When better is worse
February 01, 2010
No More Heroes: Desperate Struggle is a better game than the original NMH. It streamlines or eliminates most of the problems folks complained about in the first game - vacuous open world, monotonous required side jobs, muddy visuals - and reviewers have rewarded it with generally higher scores (Metacritic 89 for NMH2 vs 83 for NMH). As 1UP's review notes, it "takes the fun parts of the original...and tries to make those the focus while practically quartering off the weaker parts."
So you should definitely play NMH2, if only to reward Grasshopper Manufacture for its signature pursuit of brash idiosyncrasy and deviant design.
Sadly, NMH2 is also a worse game than the original in ways that can't be tallied on a feature checklist. Designer Goichi Suda missile-launched the first game at our heads - rough edges, obtuse objectives, design misfires and all - and his singular vision exploded on impact. NMH was a bombastic mess, but a startlingly prodigious one. When it appeared two years ago, NMH was the game for gamers sick of cookie-cutter games. A turd in the punchbowl.
Audacity is tough to do twice. The first time feels like inspiration; the second time can feel like calculation. NMH2 doesn't ease off on the stuff that grabbed our attention the first time. Suda's adolescent fascination with potty humor, sexual innuendo, splattering blood, and general bad-boy punkster 'tude permeates the sequel no less than the original.
But discovery is a precious one-time event, and NMH2 faces a nearly impossible task in that regard. This cleaned-up, streamlined version of Santa Destroy doesn't grab us by the throat as much as it eases our re-entry. The original NMH may have been a better experience than a game, but its sequel reverses that formula and the result feels less satisfying.

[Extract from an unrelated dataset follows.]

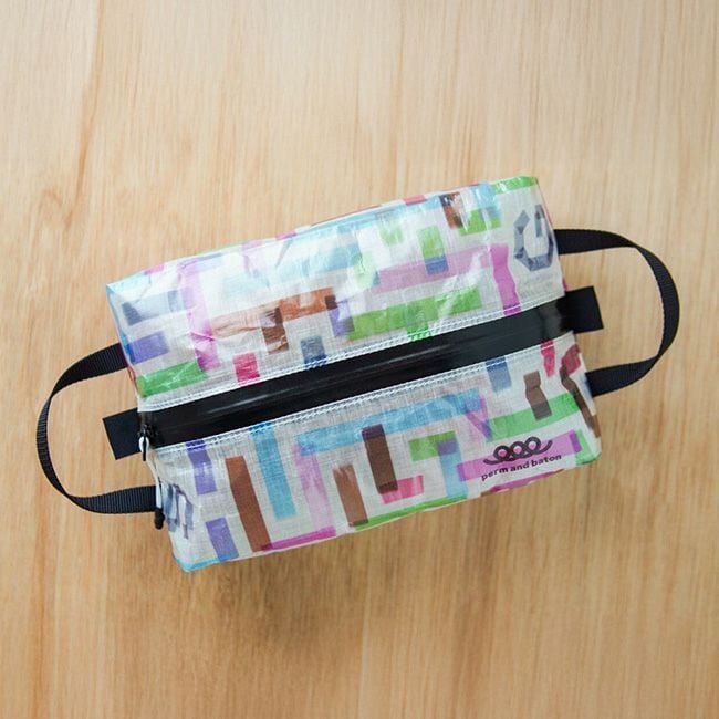カラフルな幾何学模様のポーチ。実はこちら迷路なんです。「見てカワイイ、触って楽しい、使って安心」なギアが作れないかなと色んな迷路を描いてみました。しっかりと楽しめるくらい難しく作ったので、このポーチを中心にワイワイしてくれたらと思っています。Play in the mazel!!
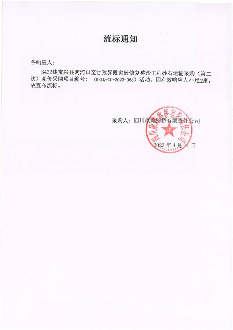 四川康藏路橋有限責(zé)任公司寶興分公司S432寶興縣兩河口至甘孜界段災(zāi)毀修復(fù)整治工程砂石運輸采購(第二次)流標通知

Remember that "joy of iteration" essay I wrote a while back? I guess I was lying.
It's hard to quantify such things, but NMH2 often feels less creatively invigorated than its predecessor. Indelible bosses like Doctor Peace and Harvey Moiseiwitsch Volodarskii have no equals in NMH2. The fabulously wacky boss intros are simplified and diminished, as are most of the strategies needed to beat them.
Remember receiving phone calls from Sylvia on your Wiimote? The baseballs slung at you in Destroy Stadium that required you to hit them? The sprinkler system used as a weapon to shock you with your katana? Surprising and clever little ideas like these are missing from NMH2, and the game suffers for it.
And I miss Travis' bike. Okay, okay, I know it was a pain to control, and I know the dead open world was a charming joke that wore off after about an hour. But Travis is a biker, and I say he needs his bike. I won't argue that an open world works better than NMH2's menu system, but I wish Grasshopper had found a way to connect Travis to his bike more inventively than an awful bike joust battle and an oddly meaningless open road ride near the end of the game.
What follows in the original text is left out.